Exercise aim – Below are records with pictures in them. Output exactly the lines from the one with "My client LOVES" through the one with "На столичному Подолі", both included, and leave every picture out; give only those lines.

=-=-=

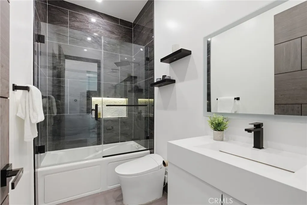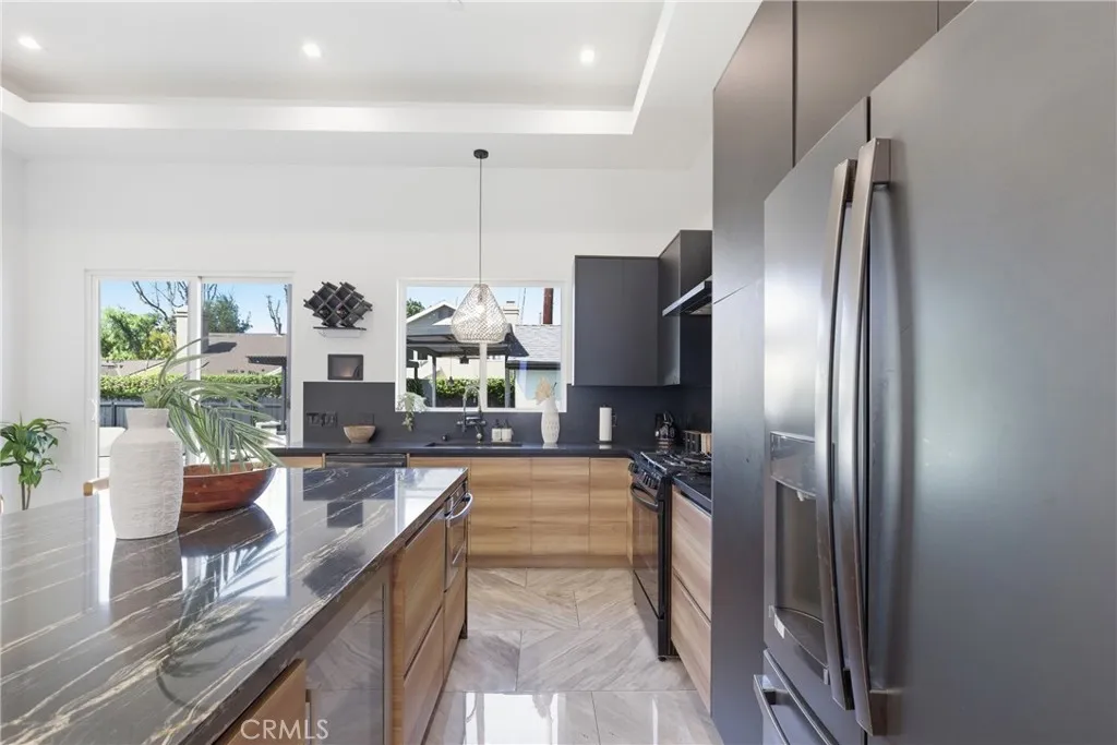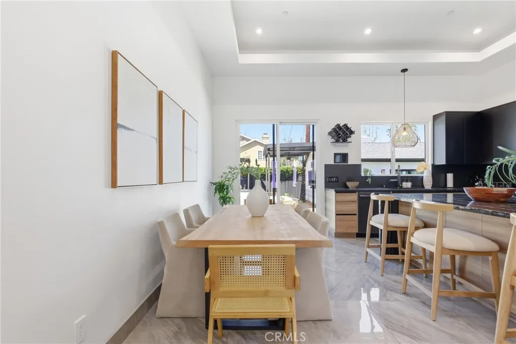 Inside, the spacious layout is filled with natural light and offers a seamless flow between the living room, dining area, and chef’s kitchen. The kitchen features custom cabinetry, quartz countertops, a large center island with breakfast bar, and high-end appliances, making it ideal for both daily living and hosting.
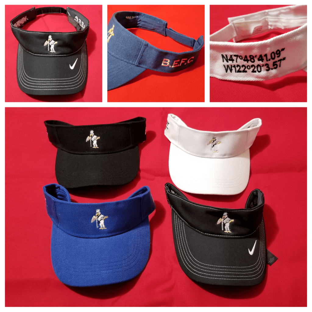 My client LOVES sunvisors! From the beginning, I knew that though this is the smallest item, it will present a new challenge for us. The visor has a limited embroidery field (2-2.5 inches tall in front; 1.5 in. on the sides) so I had to get creative with the placement and in hooping the item. My client & I decided to keep the eagle design in the front, and put the group name and the GPS location on each of the sides. This way, we can make the logo as big as possible. Ironically, it’s the tiniest logo that took me the longest to do!
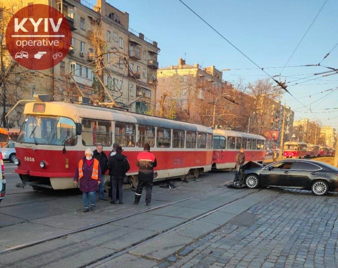 На столичному Подолі ДТП паралізувала рух трамваїв (фото)
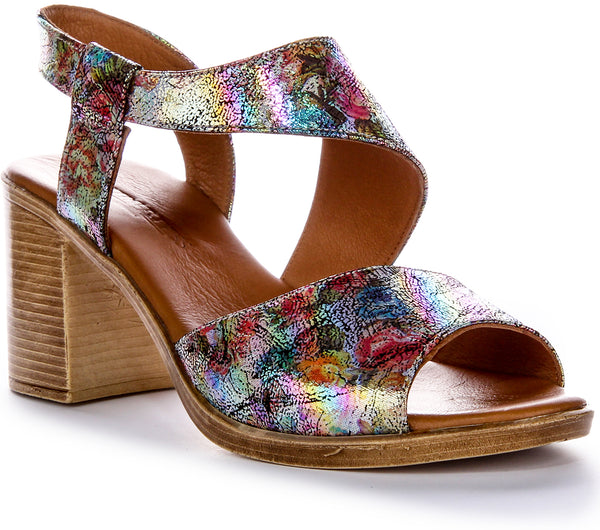 These midheel sandals feature a stunning floral putton design that adds a burst of color and liveliness to your ensemble. Crafted from highquality leather, these sandals offer a comfortable 3inch heel, ensuring both style and ease of wear.
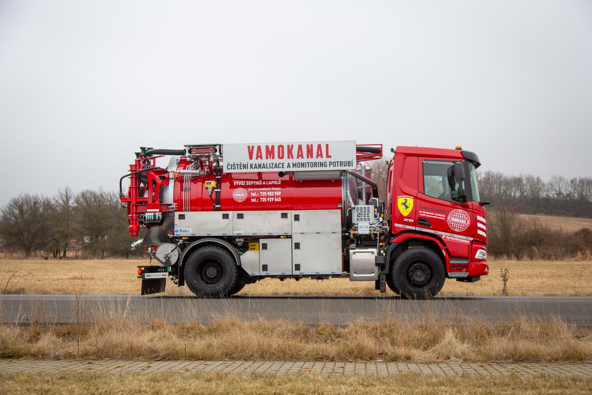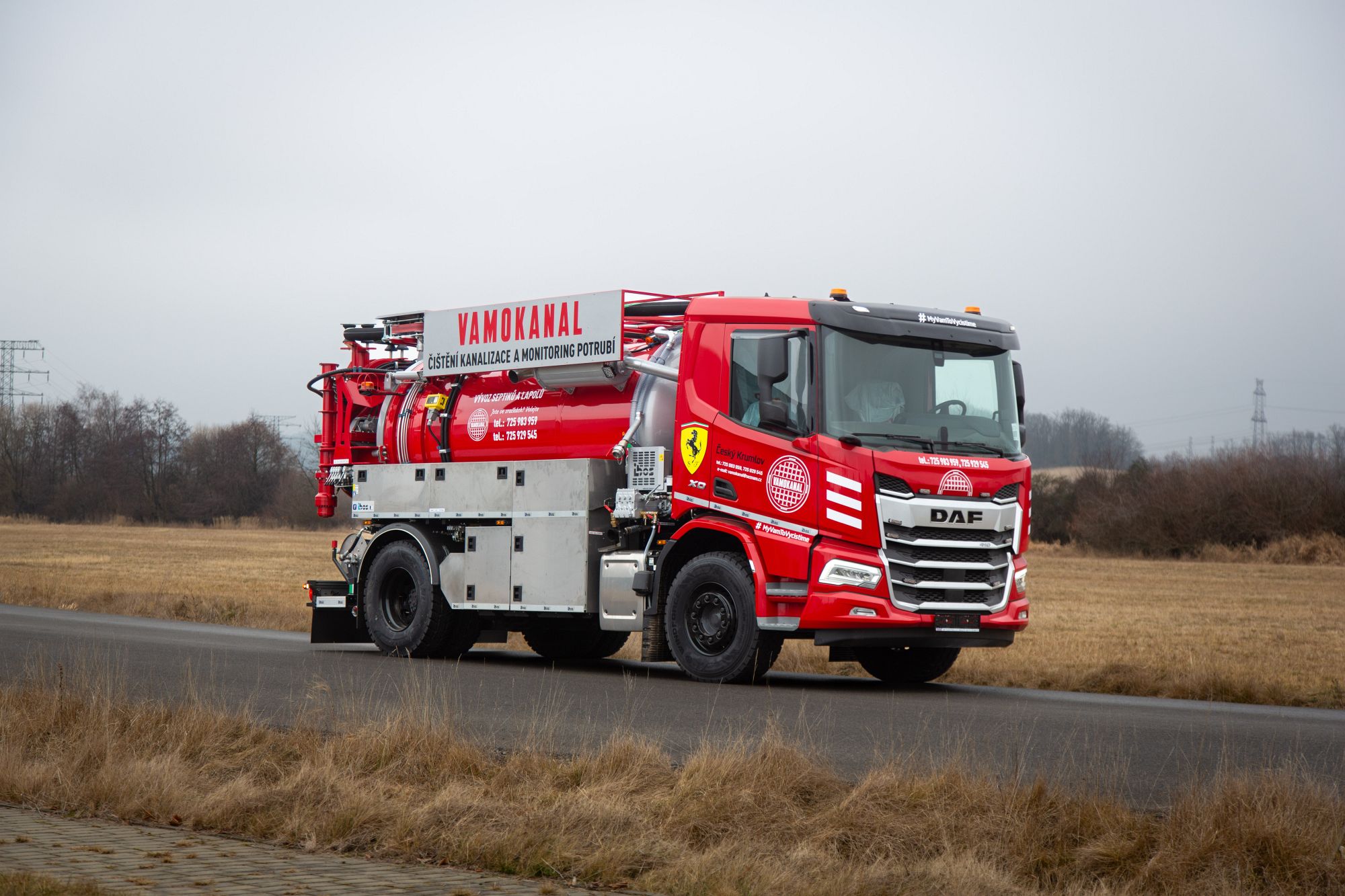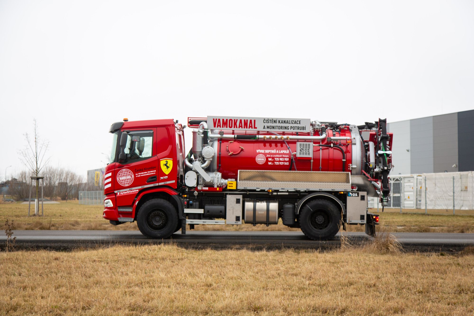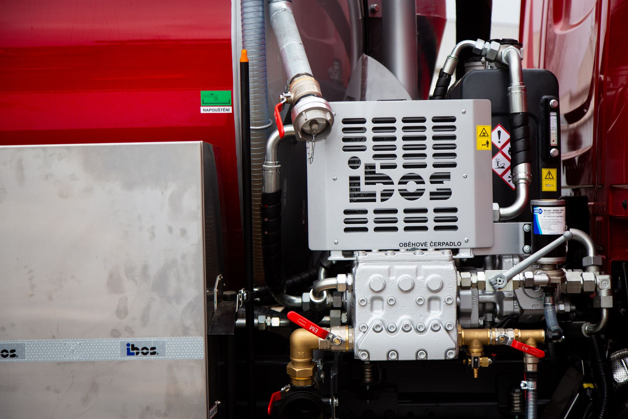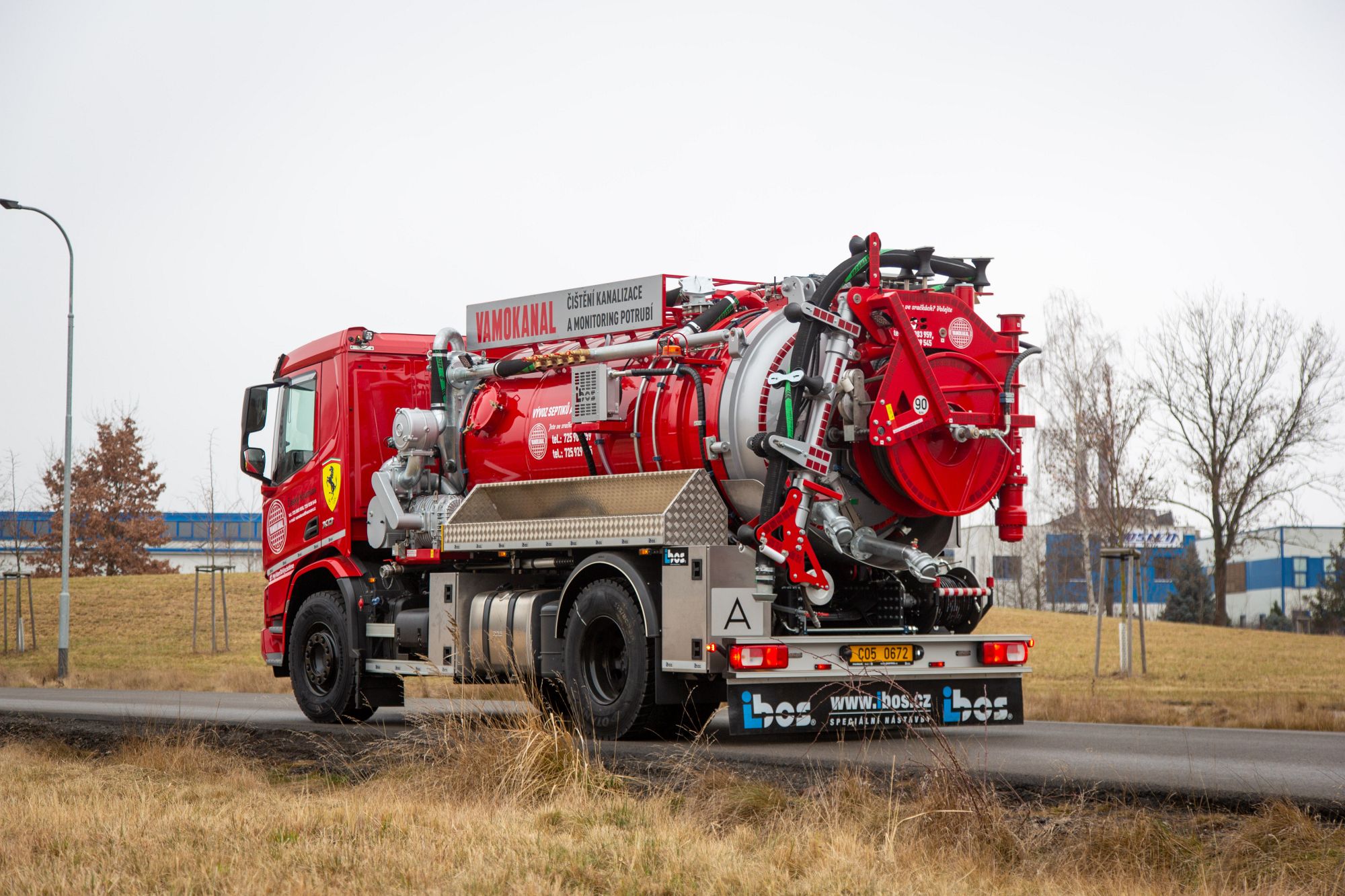 Společnost IBOS a.s. předala v uplynulých dnech svému klientovi kombinovanou čistící nástavbu IBOS Kombo 8 osazenou na šasi DAF 4×2 ve specifické a výrazné červené barvě. Jako zdroj tlakové vody slouží čerpadlo Pratissoli 140l/140 bar, o podtlak/sání se pak stará vývěva osvědčeného výrobce JUROP o výkonu 1850 m3/hod.. Toto elegantní vozidlo budete moci potkat na silnicích nebo při práci zde v jižních Čechách na Českokrumlovsku a Lipensku.

=-=-=

Solution below –
 My client LOVES sunvisors! From the beginning, I knew that though this is the smallest item, it will present a new challenge for us. The visor has a limited embroidery field (2-2.5 inches tall in front; 1.5 in. on the sides) so I had to get creative with the placement and in hooping the item. My client & I decided to keep the eagle design in the front, and put the group name and the GPS location on each of the sides. This way, we can make the logo as big as possible. Ironically, it’s the tiniest logo that took me the longest to do!
 На столичному Подолі ДТП паралізувала рух трамваїв (фото)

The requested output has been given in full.